In-person vs. virtual meetings at heart of disagreement between council member, mayor
What started as a discussion at a city council study session escalated with an erroneous email from city staff to members of the city’s boards and commissions. It then spilled over into public view with a dispute between Mayor Tracie Markley and Councilwoman Jeni Woock.
At issue was whether certain city meetings should be conducted in-person or virtually, and hours of operation at city hall.
At an Oct. 12 City Council study session, City Clerk Josh Stecker recommended that some city meetings be held virtually, rather than in person. He also recommended that the Civic Center building on Grandview Street be closed to the public on Fridays, saving on utility costs and allowing employees to work remotely.
The proposal called for remote meetings in cases where “public interaction is minimal or not allowed.” That includes the city council’s Thursday study sessions and meetings of advisory boards or commissions.
Both measures would support the council’s recently approved Climate Action Plan, reducing emissions by cutting back on car trips to the civic center, Stecker said. The memo further noted that remote meetings would be more efficient for staff members, who “would not need to sit through meetings to wait for their topic to come up on the agenda.“
Members of the public can watch virtual meetings live via Zoom, and the city typically posts recordings of such meetings for people who want to watch later. Local governments around the state and the country expanded use of Zoom and other virtual meeting technologies during the COVID-19 pandemic.
After the Oct. 12 study session, Stecker emailed members of the city’s advisory boards and commissions, directing them to hold future meetings on Zoom, rather than in person.
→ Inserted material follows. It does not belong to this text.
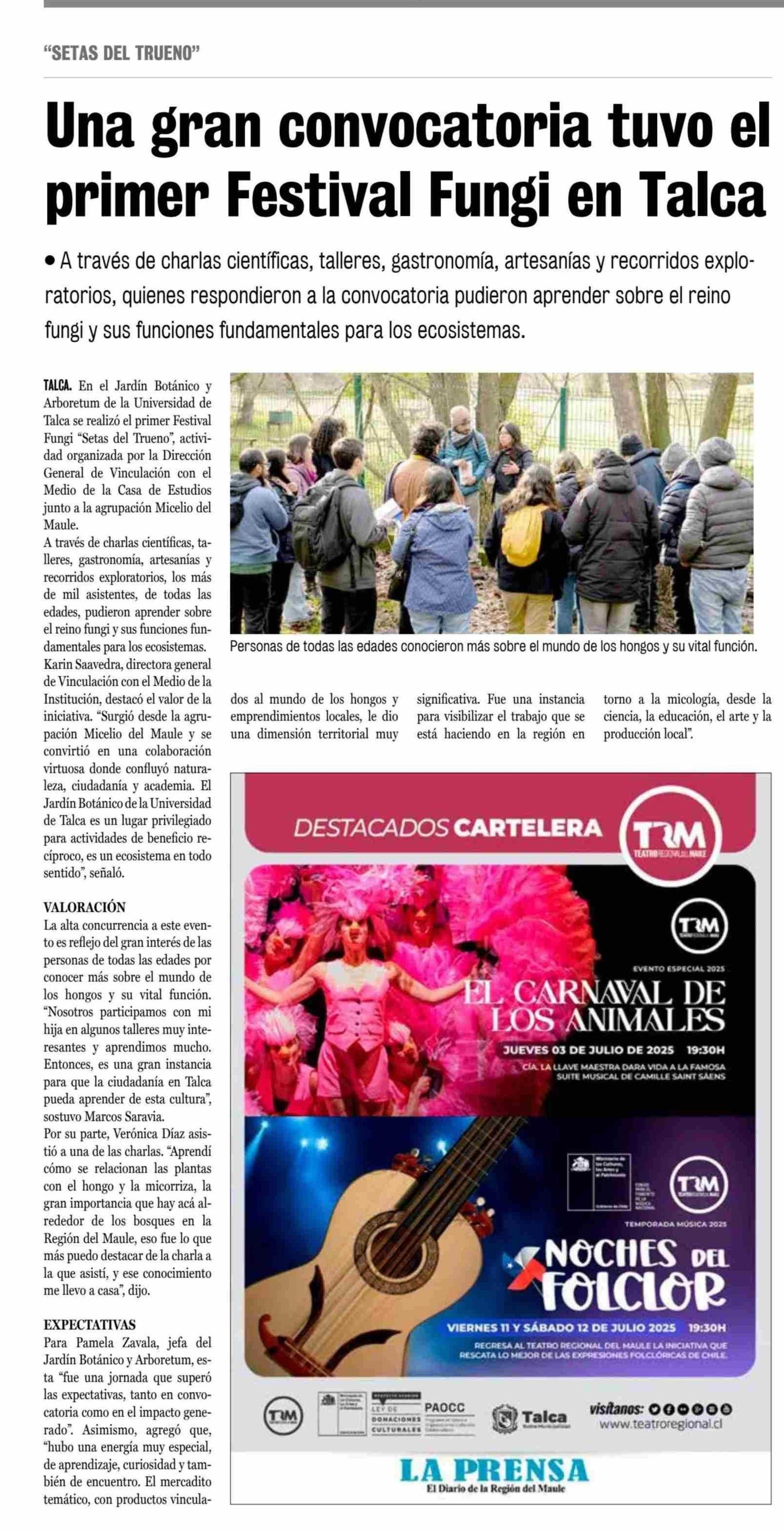 Una gran convocatoria tuvo el Primer Festival Fungi en Talca. Se refiere Karin Saavedra, directora general de Vinculación con el Medio y Pamela Zavala, jefa del Jardín Botánico

Later, he sent a second email to city advisory boards retracting the virtual-only directive, noting that he had “misinterpreted” the council’s direction.
According to city staff, each advisory board will decide whether to meet in person or virtually. So far, the Planning, Civil Service and Parks commissions have voted to meet in person, with a Zoom option. Other groups have yet to decide.
Woock often emails her constituents to recap city meetings. Her email about the Oct. 12 study session alerted readers to the virtual-only meetings discussion, saying “this doesn’t seem to meet the council’s goal of reaching out and engaging with our citizens. Transparency? Democracy? Teambuilding won’t be happening.”
In a second email, on Oct. 25, Woock included a copy of Stecker’s memo about remote meetings and civic center hours.
“While I do wonder about the lack of data showing zoom meetings are a better way than preserving and planting trees to make an impact on Green House Gas Emissions, every time the doors are open for our citizens, taxpayers and voters … it is a good thing,” she wrote.
On Oct. 25, Markley sent a message to the city’s email subscribers and posted on the city’s website and Facebook page in response to Woock’s statements. Markley wrote that she had received “numerous inquiries from residents and stakeholders (who) received an email or read Facebook posts from Councilmember Jeni Woock about recent city council discussions. These messages contained several inaccuracies and misrepresentations that need to be clarified.”
Markley wrote that the “majority of the council decided to change only the council’s Thursday (study session) meetings to virtual on a trial basis,” adding, in bold face, that “Under no circumstances will the city ever consider ‘shutting the doors’ on residents to a public meeting.”
Markley later told Gig Harbor Now that Woock’s emails prompted concerns from some city residents.
“I get asked, ‘Why is she saying these things?’ so I’m going to call it out as incorrect,” Markley said. “I’ve been really kind in not mentioning her by name (previously), but I’m not sure this will stop if I don’t do that. When misinformation goes out, I’m going to correct it.
“It doesn’t matter who’s making the inaccurate statement … I’m going to refute it, I’m going to get the truth out there. We don’t have time for this. We don’t have time to continue wasting staff time, wasting my time,” Markley said, adding that the city needs to spend that time addressing pressing issues like crime and housing.
In a follow-up phone conversation, Woock insisted that “the things I put in my emails are factual. I’m careful that what I write is the truth, and everything I write can be checked and verified just by listening to the recordings of the meetings.”
Her concern has “always been about in-person meetings and citizens being able to see and hear what the council and city administration are doing.
“And by the way,” she added, “I don’t think that talking with our citizens is ever a waste of time, no matter what the issue is.”
Civic Center hours
A tentative agenda for the Nov. 13 city council meeting, provided by the city on Oct. 27, included a resolution “establishing hours of operation for the Civic Center.” However, the resolution was not included in official council agenda published Nov. 8. The city did not respond to emails asking about the removal of the resolution from the agenda.